Margarida Folc de Cardona i Requesens (1535–1581), was a Spanish court official. She was a lady-in-waiting to the Holy Roman Empress Maria of Habsburg between 1548 and 1581. She had an influential position in the court of the Empress, and her correspondence with her spouse and daughter Anna von Dietrichstein, gives valuable documentation about the politics of a royal household and its members.

Life
Margarida de Cardona was the daughter of the Spanish noble Antonio Folc de Cardona y Enriquez and Maria de Requesens (d. 1577).

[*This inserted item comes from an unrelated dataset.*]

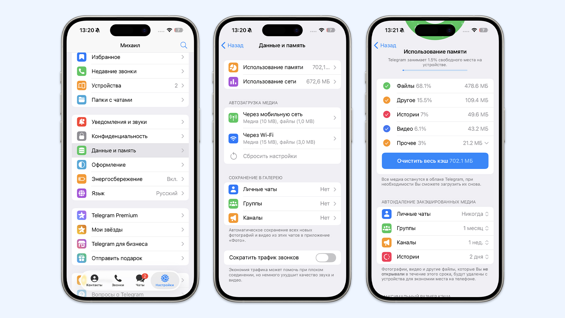 Конечно, есть и исключения — мессенджеры. Например, Telegram позволяет локально очищать кэш внутри самой программы. И это удобно, ведь такие приложения съедают десятки гигабайт, если за ними не следить. Чтобы очистить кэш в Telegram, перейдите в Настройки → Данные и память → Использование памяти → «Очистить кэш».

Margarida de Cardona was appointed maid of honour to princess Maria prior to her marriage to Maximilian. 

She accompanied Maria to Austria in 1551. She married the German diplomat and court official Adam von Dietrichstein in 1554. She had thirteen children. 
Her mother served as chief-lady-in-waiting to Maria in 1554-77, and Margarita de Cardona herself was appointed lady-in-waiting after her marriage to the chamberlain of Maximilian.   Margarita de Cardona and Adam von Dietrichstein, along with Maria de Lara and Wratislav von Pernstein, belonged to the intimate circle of strictly Catholic courtiers preferred by Maria in Austria.  

In 1563, Margarita left for Spain with her spouse, who had been appointed to serve as the governor of Maria's sons Rudolf and Ernst. In 1570, she was appointed to the task to organize the household of the new queen of Spain, Anna of Austria. Her daughters and her sisters were all ladies-in-waiting to Queen Anna of Spain and the Spanish princesses, and Margarita illustrate the influence a lady-in-waiting could have in affecting the appointments for court offices. 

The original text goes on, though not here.